- **WHAT YOU ARE ASKED TO DO**
Please, without any pictures, set down exactly the part of the listing below that opens with the line containing "The floors were" and closes with the line containing "Şişlili yurttaşlarıma emanet".

- **DATA EXCERPTS**
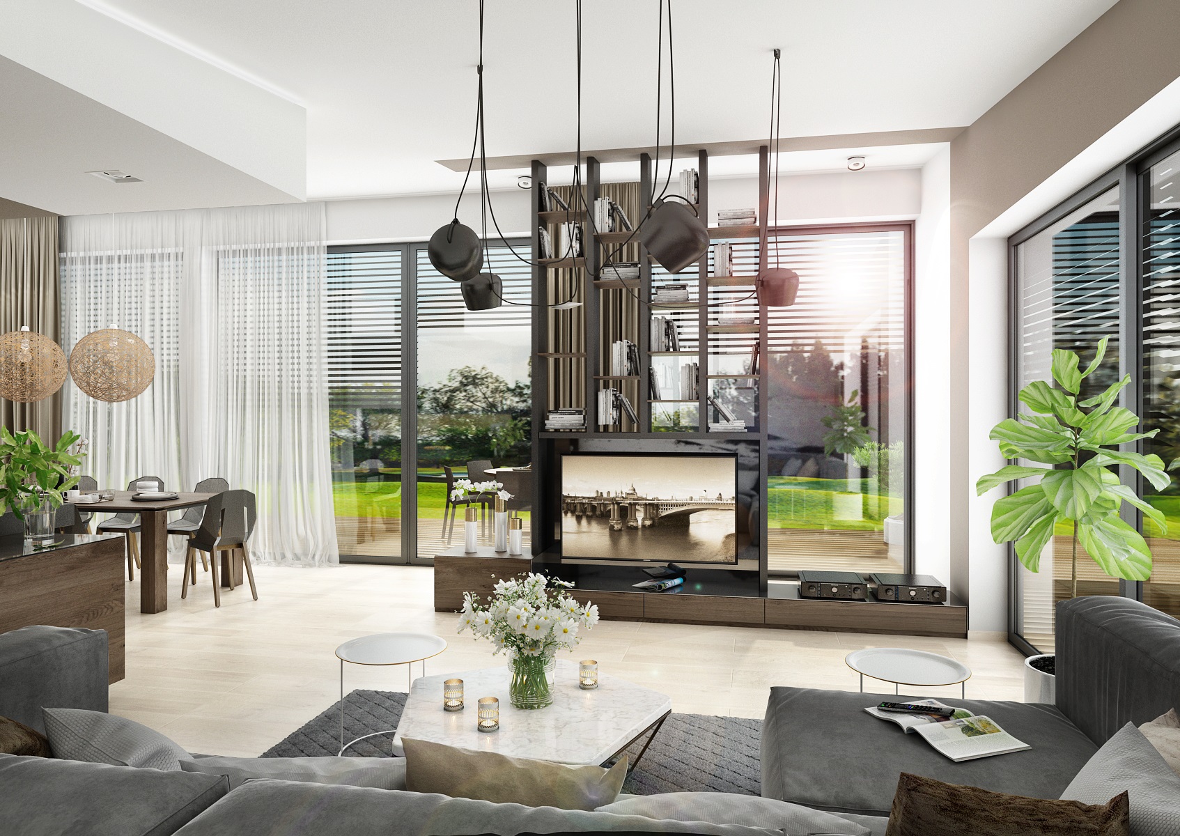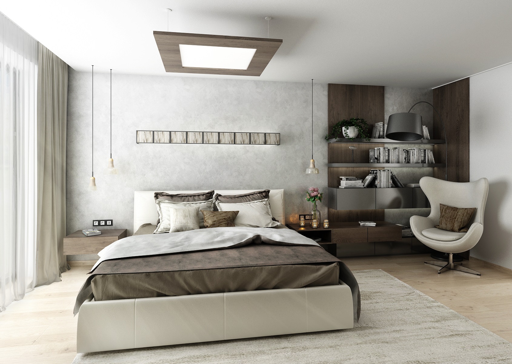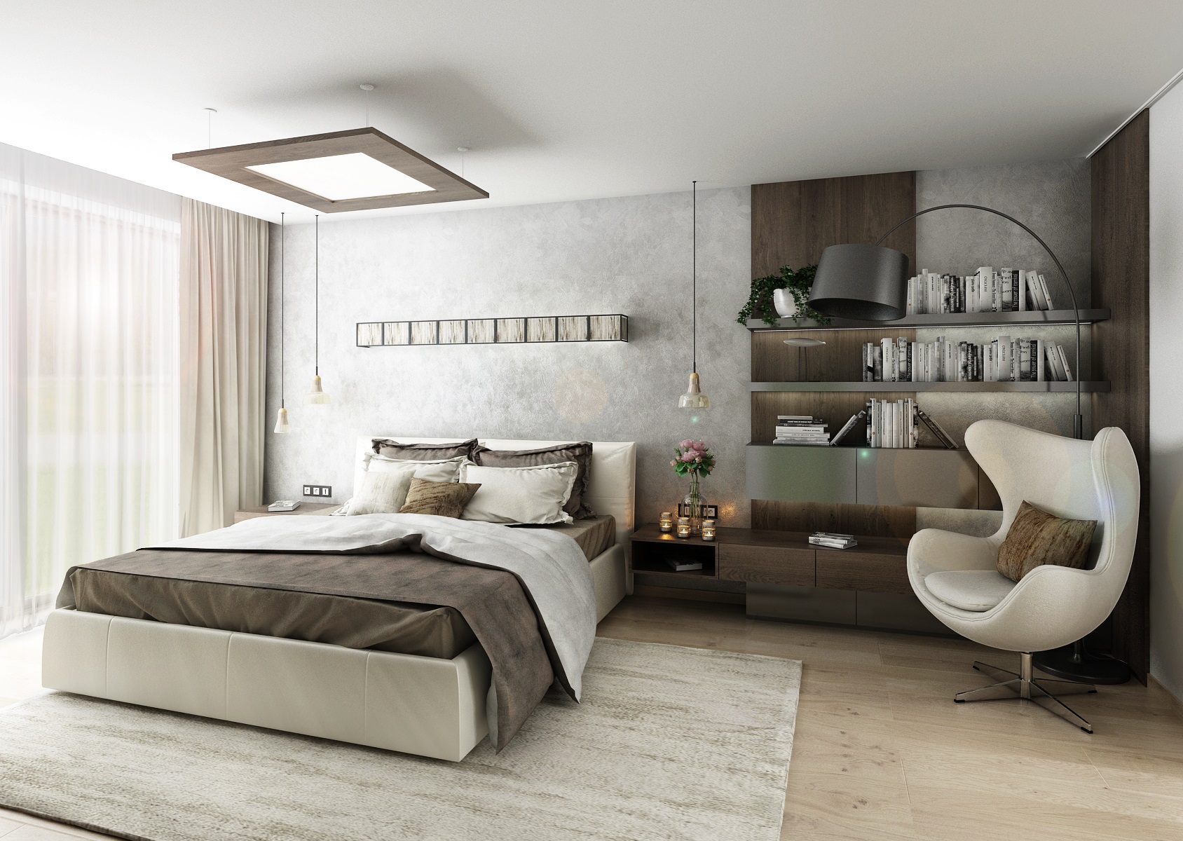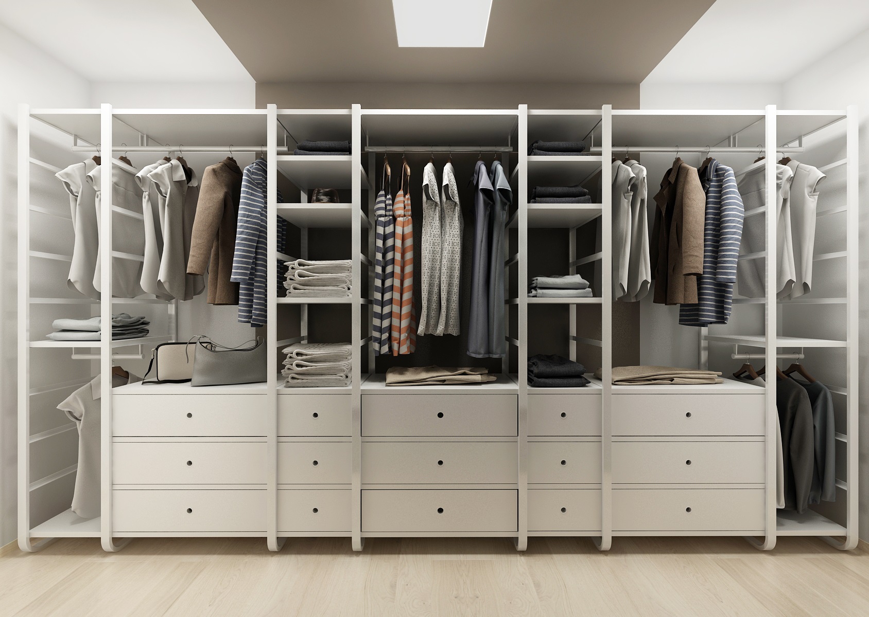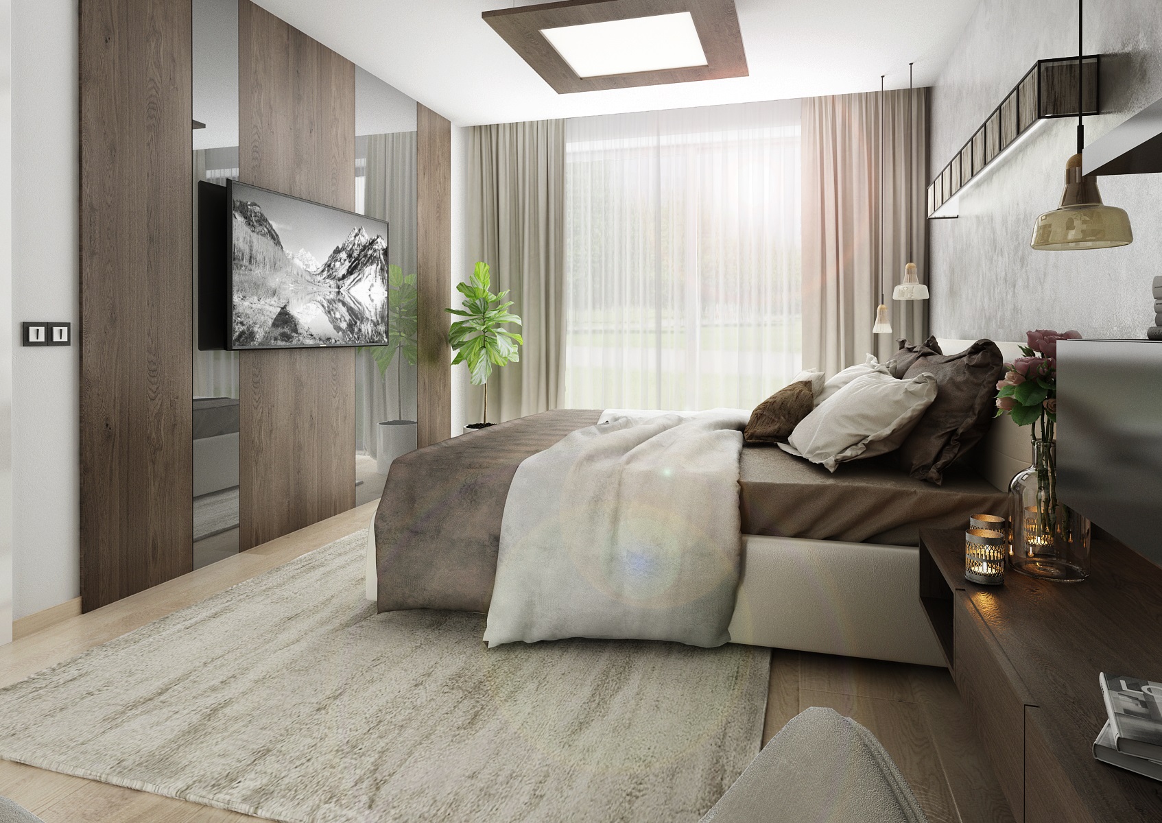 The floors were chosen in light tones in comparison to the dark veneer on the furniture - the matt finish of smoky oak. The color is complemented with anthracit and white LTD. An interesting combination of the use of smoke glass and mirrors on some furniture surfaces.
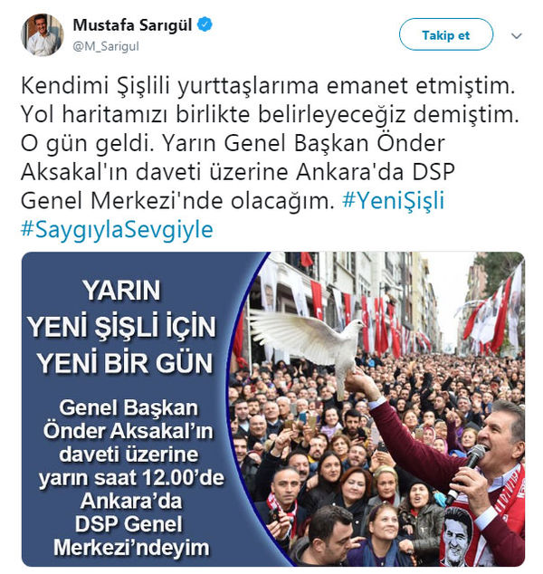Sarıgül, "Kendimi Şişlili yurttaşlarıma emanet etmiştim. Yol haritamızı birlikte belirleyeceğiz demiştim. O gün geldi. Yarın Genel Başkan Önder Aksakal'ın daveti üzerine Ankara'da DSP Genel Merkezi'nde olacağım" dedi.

---

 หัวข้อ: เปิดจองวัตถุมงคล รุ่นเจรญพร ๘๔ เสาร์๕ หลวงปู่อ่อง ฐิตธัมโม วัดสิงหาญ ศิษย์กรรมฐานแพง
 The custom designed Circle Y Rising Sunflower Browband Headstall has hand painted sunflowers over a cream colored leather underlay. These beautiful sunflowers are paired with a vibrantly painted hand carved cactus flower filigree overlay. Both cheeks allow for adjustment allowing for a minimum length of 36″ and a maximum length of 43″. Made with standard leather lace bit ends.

- **SOLUTION TO THIS PROBLEM**
 The floors were chosen in light tones in comparison to the dark veneer on the furniture - the matt finish of smoky oak. The color is complemented with anthracit and white LTD. An interesting combination of the use of smoke glass and mirrors on some furniture surfaces.
Sarıgül, "Kendimi Şişlili yurttaşlarıma emanet etmiştim. Yol haritamızı birlikte belirleyeceğiz demiştim. O gün geldi. Yarın Genel Başkan Önder Aksakal'ın daveti üzerine Ankara'da DSP Genel Merkezi'nde olacağım" dedi.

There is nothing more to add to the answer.